**Data for this exercise**:
=== Section Start ===

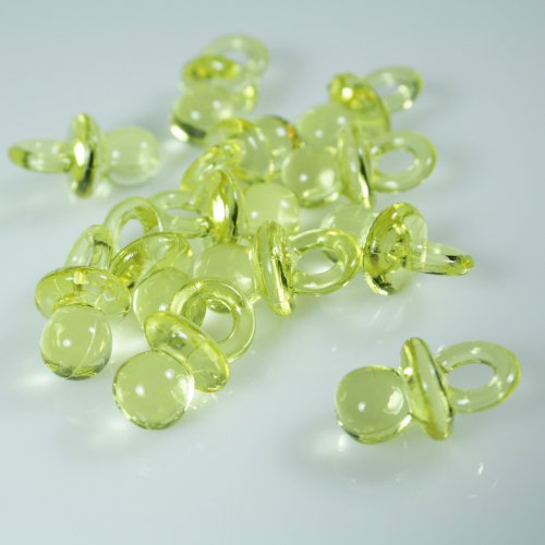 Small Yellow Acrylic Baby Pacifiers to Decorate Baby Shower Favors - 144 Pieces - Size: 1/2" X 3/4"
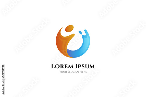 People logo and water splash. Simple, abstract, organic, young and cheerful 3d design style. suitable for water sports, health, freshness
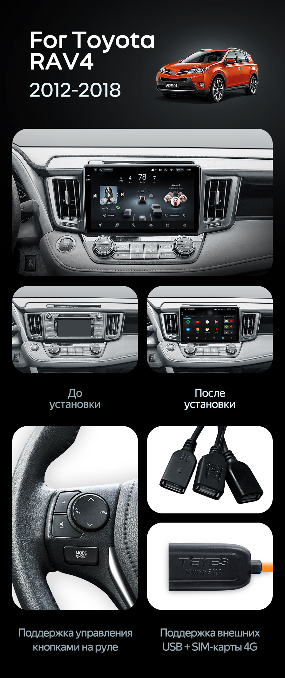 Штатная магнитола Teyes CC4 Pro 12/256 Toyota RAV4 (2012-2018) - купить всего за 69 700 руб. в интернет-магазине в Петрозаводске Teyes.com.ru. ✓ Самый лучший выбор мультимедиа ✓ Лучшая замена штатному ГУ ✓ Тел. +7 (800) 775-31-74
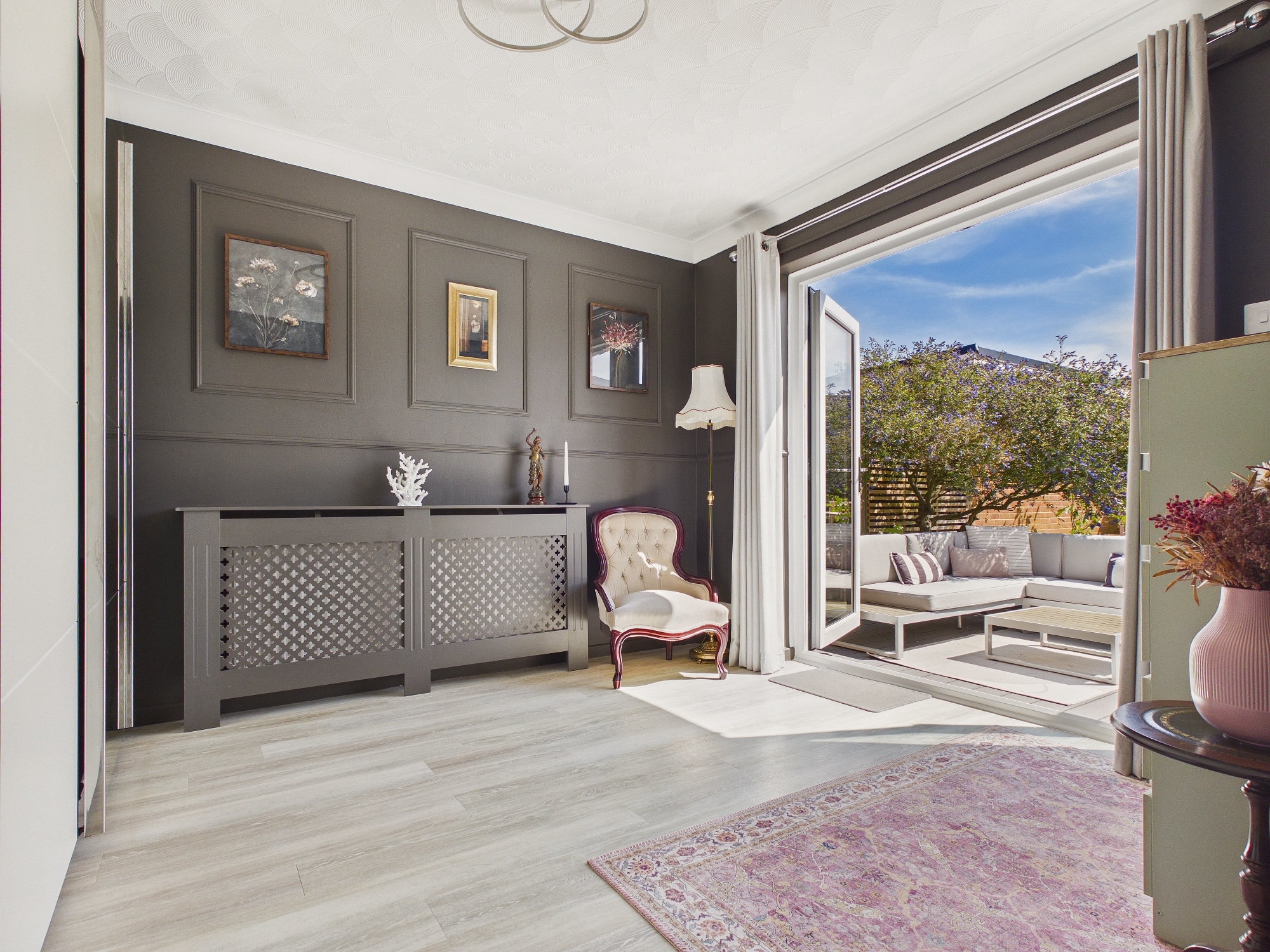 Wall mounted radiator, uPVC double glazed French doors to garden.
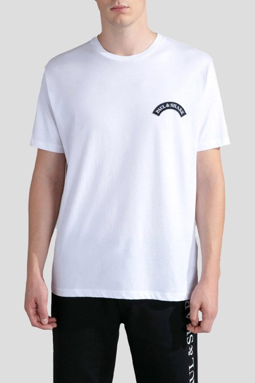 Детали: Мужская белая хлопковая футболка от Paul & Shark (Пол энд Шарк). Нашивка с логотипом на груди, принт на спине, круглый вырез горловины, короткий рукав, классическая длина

=== Section End ===
=== Section Start ===

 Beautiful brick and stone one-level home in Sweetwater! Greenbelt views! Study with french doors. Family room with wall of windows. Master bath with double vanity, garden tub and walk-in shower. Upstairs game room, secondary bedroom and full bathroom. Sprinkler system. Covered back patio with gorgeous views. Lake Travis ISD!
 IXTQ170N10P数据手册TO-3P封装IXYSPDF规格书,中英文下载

=== Section End ===
=== Section Start ===

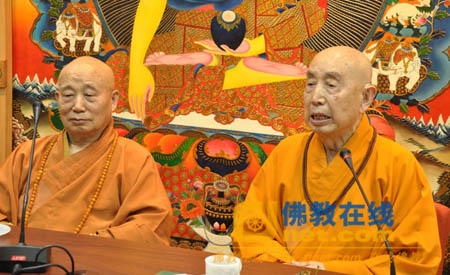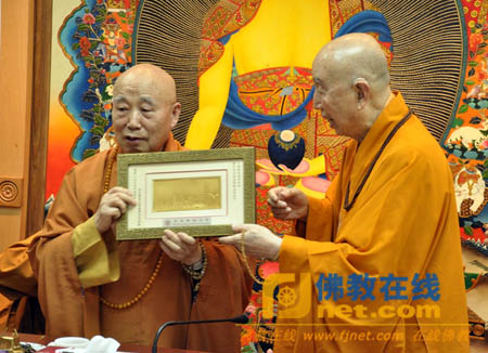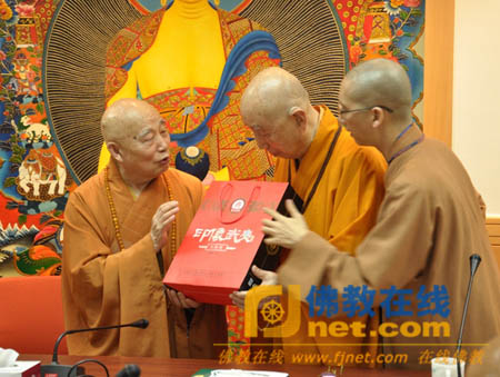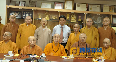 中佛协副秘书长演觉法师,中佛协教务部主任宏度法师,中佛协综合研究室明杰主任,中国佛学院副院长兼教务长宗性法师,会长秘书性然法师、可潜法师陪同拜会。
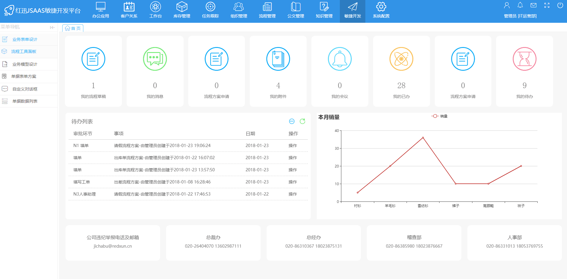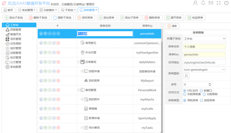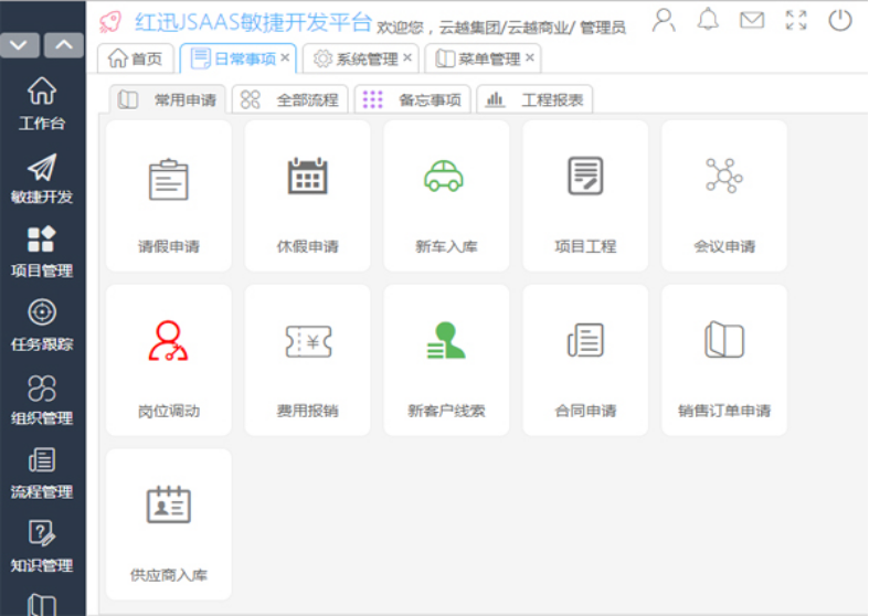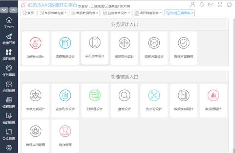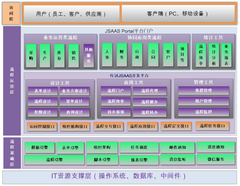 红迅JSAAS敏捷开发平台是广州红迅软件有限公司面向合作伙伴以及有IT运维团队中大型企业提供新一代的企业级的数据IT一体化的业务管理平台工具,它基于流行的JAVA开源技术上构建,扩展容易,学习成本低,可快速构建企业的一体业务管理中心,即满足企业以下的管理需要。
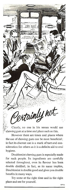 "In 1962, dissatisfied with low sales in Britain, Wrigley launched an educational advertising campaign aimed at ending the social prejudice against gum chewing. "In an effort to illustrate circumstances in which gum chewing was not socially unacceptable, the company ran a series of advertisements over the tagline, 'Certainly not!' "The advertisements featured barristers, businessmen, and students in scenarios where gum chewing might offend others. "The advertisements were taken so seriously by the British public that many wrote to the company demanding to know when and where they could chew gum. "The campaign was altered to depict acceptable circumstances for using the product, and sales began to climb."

=== Section End ===

**Problem statement**: Please repeat, exactly as written, the lines in the records above, starting with the one that has "中佛协副秘书长演觉法师,中佛" and going on through the one that has "红迅JSAAS敏捷开发平台是". Pictures are to be left out.

**Your response**:
 中佛协副秘书长演觉法师,中佛协教务部主任宏度法师,中佛协综合研究室明杰主任,中国佛学院副院长兼教务长宗性法师,会长秘书性然法师、可潜法师陪同拜会。
 红迅JSAAS敏捷开发平台是广州红迅软件有限公司面向合作伙伴以及有IT运维团队中大型企业提供新一代的企业级的数据IT一体化的业务管理平台工具,它基于流行的JAVA开源技术上构建,扩展容易,学习成本低,可快速构建企业的一体业务管理中心,即满足企业以下的管理需要。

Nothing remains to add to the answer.